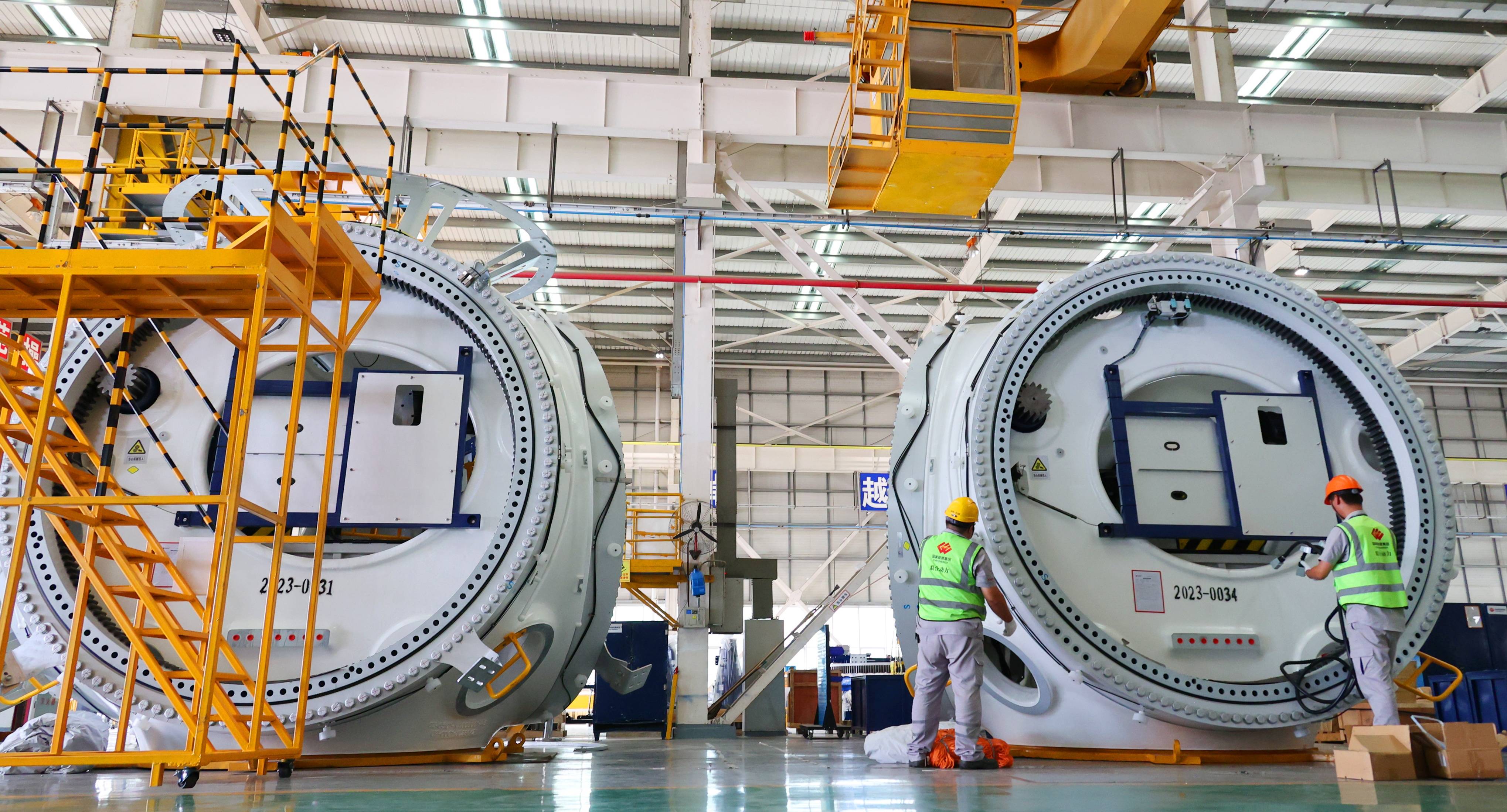 Wind turbine rotors are assembled in a workshop of an enterprise in Lianyungang, east China's Jiangsu province, July 27, 2023. (People's Daily Online/Geng Yuhe)
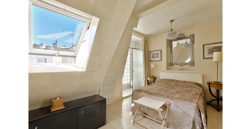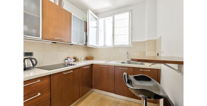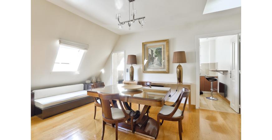 L’appartement offre une vue dégagée sur les toits de Paris et se compose d’une entrée, d’un séjour avec salle à manger, d’une cuisine équipée indépendante, d’une chambre, d’une salle de douche et de toilettes.
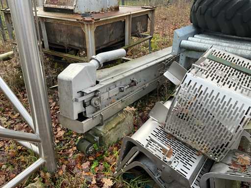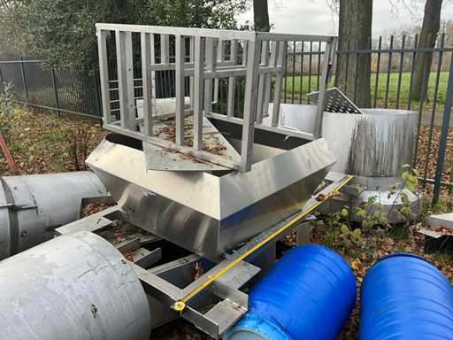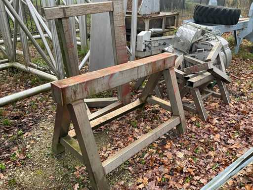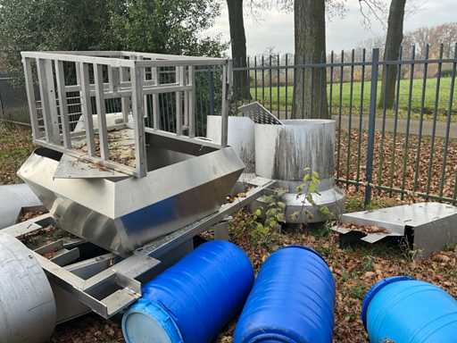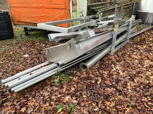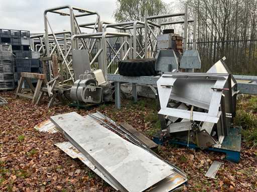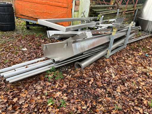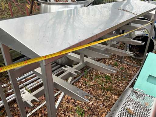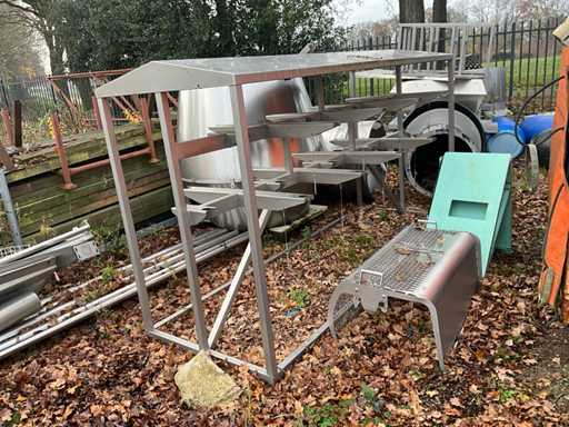 Consisting of stainless steel parts, including: various sizes of trestles. Includes wheel with rim and steel roller conveyor
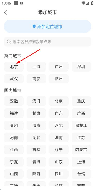 3、在添加城市页面点击热门城市中的北京选项,完成该城市天气的添加。
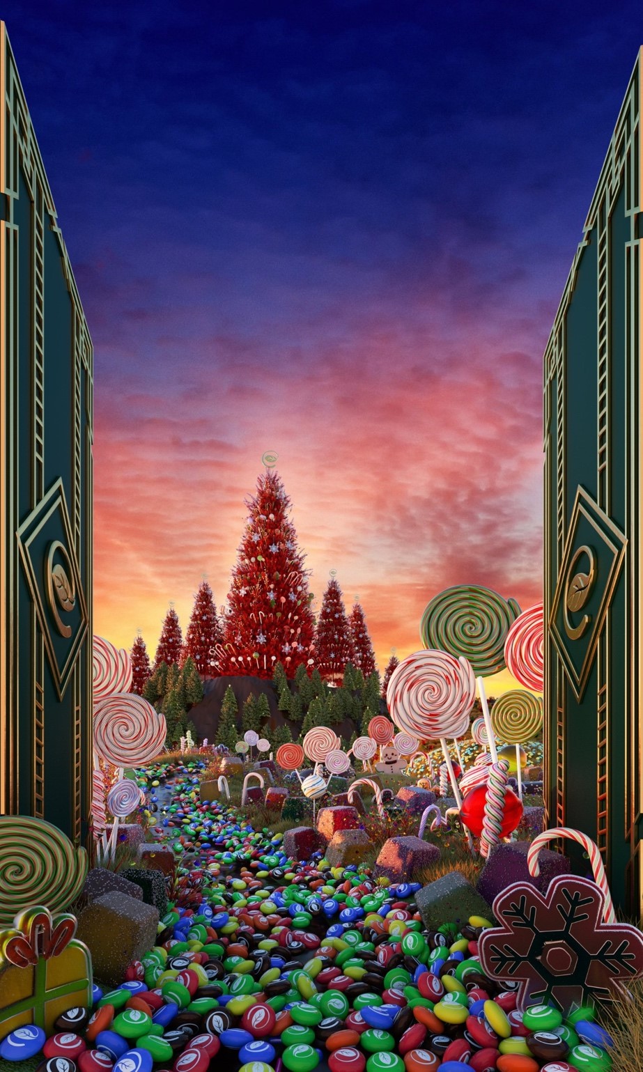 Sát ngôi làng kẹo ngọt là rừng thông đỏ khổng lồ; Rừng thông được tạo thành từ hàng chục cây thông đỏ có chiều cao bằng cả ngôi nhà; Toàn bộ lá thông được tạo màu đỏ rực, kết hợp cùng hàng chục nghìn trái châu, vòng nguyệt quế huyền ảo giữa không gian đầy tuyết trắng và kẹo ngọt;
********
*Assignment*: Could you transcribe the material above exactly, keeping every picture out?

*Task result*:
 Wind turbine rotors are assembled in a workshop of an enterprise in Lianyungang, east China's Jiangsu province, July 27, 2023. (People's Daily Online/Geng Yuhe)
 L’appartement offre une vue dégagée sur les toits de Paris et se compose d’une entrée, d’un séjour avec salle à manger, d’une cuisine équipée indépendante, d’une chambre, d’une salle de douche et de toilettes.
 Consisting of stainless steel parts, including: various sizes of trestles. Includes wheel with rim and steel roller conveyor
 3、在添加城市页面点击热门城市中的北京选项,完成该城市天气的添加。
 Sát ngôi làng kẹo ngọt là rừng thông đỏ khổng lồ; Rừng thông được tạo thành từ hàng chục cây thông đỏ có chiều cao bằng cả ngôi nhà; Toàn bộ lá thông được tạo màu đỏ rực, kết hợp cùng hàng chục nghìn trái châu, vòng nguyệt quế huyền ảo giữa không gian đầy tuyết trắng và kẹo ngọt;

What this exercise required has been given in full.